Люди не смели исполнить его приказания.
– Что же вы стоите, хамовы дети? Иль мне самому за него приняться, что ли?
Юдич пошел было к двери...
– Стойте! – закричал Иван Андреевич. – Юдич, в последний раз говорю тебе, прошу тебя, Юдич, сознайся.
– Не могу! – простонал Юдич.
– Так берите же его, старого подлипалу!.. Насмерть его! В мою голову! – загремел бешеный старик. Истязание началось...
Дверь вдруг растворилась, и вошел Василий. Он был едва ли еще не бледнее отца, руки его дрожали, верхняя губа приподнялась и обнажила ряд белых и ровных зубов.
– Я виноват, – сказал он глухим, но твердым голосом. – Я взял эти деньги.
Люди остановились.
– Ты! как? ты, Васька! без согласия Юдича?
– Нет! – сказал Юдич, – с моего согласия. Я сам отдал ключ Василью Ивановичу. Батюшка, Василий Иванович! зачем вы изволили беспокоиться?
– Так вот кто вор! – закричал Иван Андреевич. – Спасибо, Василий, спасибо! А тебя, Юдич, я все-таки не помилую. Зачем ты мне тотчас же во всем не сознался? Эй, вы! что вы стали? или уже и вы моей власти не признаете?
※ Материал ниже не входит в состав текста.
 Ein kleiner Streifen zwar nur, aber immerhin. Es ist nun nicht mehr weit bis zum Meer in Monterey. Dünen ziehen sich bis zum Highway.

А с тобой я справлюсь, голубчик! – прибавил он, обращаясь к Василью.
Люди опять было взялись за Юдича.
– Не трогайте его! – прошептал Василий сквозь зубы. Слуги его не послушались. – Назад! – закричал он и бросился на них... Они отшатнулись.
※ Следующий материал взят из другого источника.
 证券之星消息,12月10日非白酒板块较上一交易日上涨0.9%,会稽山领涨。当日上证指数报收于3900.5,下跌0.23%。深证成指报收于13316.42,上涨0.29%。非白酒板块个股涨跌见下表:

– А! бунтовать! – простонал Иван Андреевич и, подняв палку, пошел на сына.
Василий отскочил, схватился за рукоять шпаги и обнажил ее до половины. Все затрепетали. Анна Павловна, привлеченная шумом, испуганная, бледная, показалась в дверях.
Страшно изменилось лицо Ивана Андреевича. Он зашатался, уронил палку и тяжко опустился на кресло, закрыв лицо обеими руками. Никто не шевелился, все стояли как вкопанные, не исключая и Василья. Судорожно стискивал он стальную рукоять шпаги, глаза его сверкали унылым, злобным блеском...
– Подите все... все вон, – проговорил тихим голосом Иван Андреевич, не отнимая рук от лица.
Вся толпа вышла. Василий остановился на пороге, потом вдруг тряхнул головой, обнял Юдича, поцеловал руку матери... и через два часа его уже не было в деревне. Он уехал в Петербург.
Вечером того же дня Юдич сидел на крылечке дворовой избы. Люди окружали его, сожалели о нем и горько упрекали барина.
– Полноте, дети, – сказал он им наконец, – полноте... что вы его браните? он и сам, чай, батюшка наш, своей удали не рад...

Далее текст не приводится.